Performing PCA directly on the covariance matrix of the images is often computationally infeasible. If small images are used, say 100 × 100 pixels, each image is a point in a 10,000-dimensional space and the covariance matrix S is a matrix of 10,000 × 10,000 = 10^{8} elements. However the rank of the covariance matrix is limited by the number of training examples: if there are N training examples, there will be at most N − 1 eigenvectors with non-zero eigenvalues. If the number of training examples is smaller than the dimensionality of the images, the principal components can be computed more easily as follows.

Let T be the matrix of preprocessed training examples, where each column contains one mean-subtracted image. The covariance matrix can then be computed as S = TT^{T} and the eigenvector decomposition of S is given by
$\mathbf{Sv}_i = \mathbf{T}\mathbf{T}^T\mathbf{v}_i = \lambda_i \mathbf{v}_i$
However TT^{T} is a large matrix, and if instead we take the eigenvalue decomposition of
$\mathbf{T}^T\mathbf{T}\mathbf{u}_i = \lambda_i \mathbf{u}_i$
then we notice that by pre-multiplying both sides of the equation with T, we obtain
$\mathbf{T}\mathbf{T}^T\mathbf{T}\mathbf{u}_i = \lambda_i \mathbf{T}\mathbf{u}_i$
Meaning that, if u_{i} is an eigenvector of T^{T}T, then v_{i} = Tu_{i} is an eigenvector of S. If we have a training set of 300 images of 100 × 100 pixels, the matrix T^{T}T is a 300 × 300 matrix, which is much more manageable than the 10,000 × 10,000 covariance matrix. Notice however that the resulting vectors v_{i} are not normalised; if normalisation is required it should be applied as an extra step.

===Connection with SVD===
Let X denote the $d \times n$ data matrix with column $x_i$ as the image vector with mean subtracted. Then,

   $\mathrm{covariance}(X) = \frac{XX^T}{n}$

Let the singular value decomposition (SVD) of X be:

  $X= U{\Sigma}V^T$
Then the eigenvalue decomposition for $XX^T$ is:

  $XX^T = U{\Sigma}{{\Sigma}^T}U^T= U{\Lambda}U^T$, where Λ=diag (eigenvalues of $XX^T$)
Thus we can see easily that:
  The eigenfaces = the first $k$ ($k\leq n$) columns of $U$ associated with the nonzero singular values.
  The ith eigenvalue of $XX^T = \frac{1}{n}($ ith singular value of $X)^2$ (i.e., $\lambda_i=\frac{1}{n}\sigma_i^2$)

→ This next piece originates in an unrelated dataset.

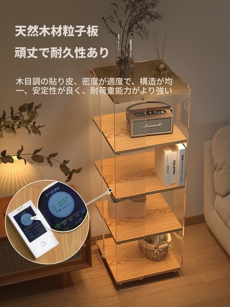 360度回転可能なアクリルと天然木製のフロア式書棚!おしゃれで実用的な多層収納ラック、家庭用にも最適!移動も簡単で、あなたの大切な本や雑貨を美しく展示します。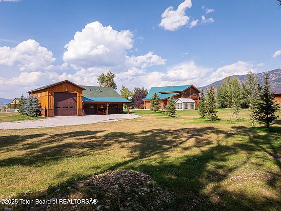 CUSTOM HAND-HEWN LOG HOME on Cedar Creek. This one-of-a-kind log home offers the perfect blend of rustic charm and modern comfort, set in a stunning natural setting along year-round Cedar Creek. The open floor plan and thoughtful finishes create a warm, welcoming retreat with breathtaking mountain views from every window. Hickory hardwood floors throughout. Striking elk antler chandelier and a grand stone fireplace. Gourmet kitchen featuring stainless steel Maytag appliances with washer/dryer included, double fridge. Covered side porch with 34' x 14' redwood decking. 36' x 36' carriage house with 3 car garage and 51 x 24' RV barn. Amish-built greenhouse with in floor heat. This extraordinary property combines timeless craftsmanship with modern amenities in a serene private setting.

Using SVD on data matrix X, it is unnecessary to calculate the actual covariance matrix to get eigenfaces.

== Use in facial recognition ==

Facial recognition was the motivation for the creation of eigenfaces. For this use, eigenfaces have advantages over other techniques available, such as the system's speed and efficiency. As eigenface is primarily a dimension reduction method, a system can represent many subjects with a relatively small set of data. As a face-recognition system it is also fairly invariant to large reductions in image sizing; however, it begins to fail considerably when the variation between the seen images and probe image is large.

To recognise faces, gallery images – those seen by the system – are saved as collections of weights describing the contribution each eigenface has to that image. When a new face is presented to the system for classification, its own weights are found by projecting the image onto the collection of eigenfaces. This provides a set of weights describing the probe face. These weights are then classified against all weights in the gallery set to find the closest match. A nearest-neighbour method is a simple approach for finding the Euclidean distance between two vectors, where the minimum can be classified as the closest subject.

Intuitively, the recognition process with the eigenface method is to project query images into the face-space spanned by eigenfaces calculated, and to find the closest match to a face class in that face-space.
- Pseudo code
- Given input image vector $U\in\Re^n$, the mean image vector from the database $M$, calculate the weight of the k-th eigenface as: $$w_k = V_k^T(U-M)$$
  - Then form a weight vector $W = [w_1, w_2,..., w_k,..., w_n]$
- Compare W with weight vectors $W_m$ of images in the database. Find the Euclidean distance. $$d = \| W-W_m \|^2$$
- If $d < \epsilon_1$, then the mth entry in the database is a candidate of recognition.
- If $\epsilon_1 < d < \epsilon_2$, then U may be an unknown face and can be added to the database.
- If $d > \epsilon_2 , U$ is not a face image.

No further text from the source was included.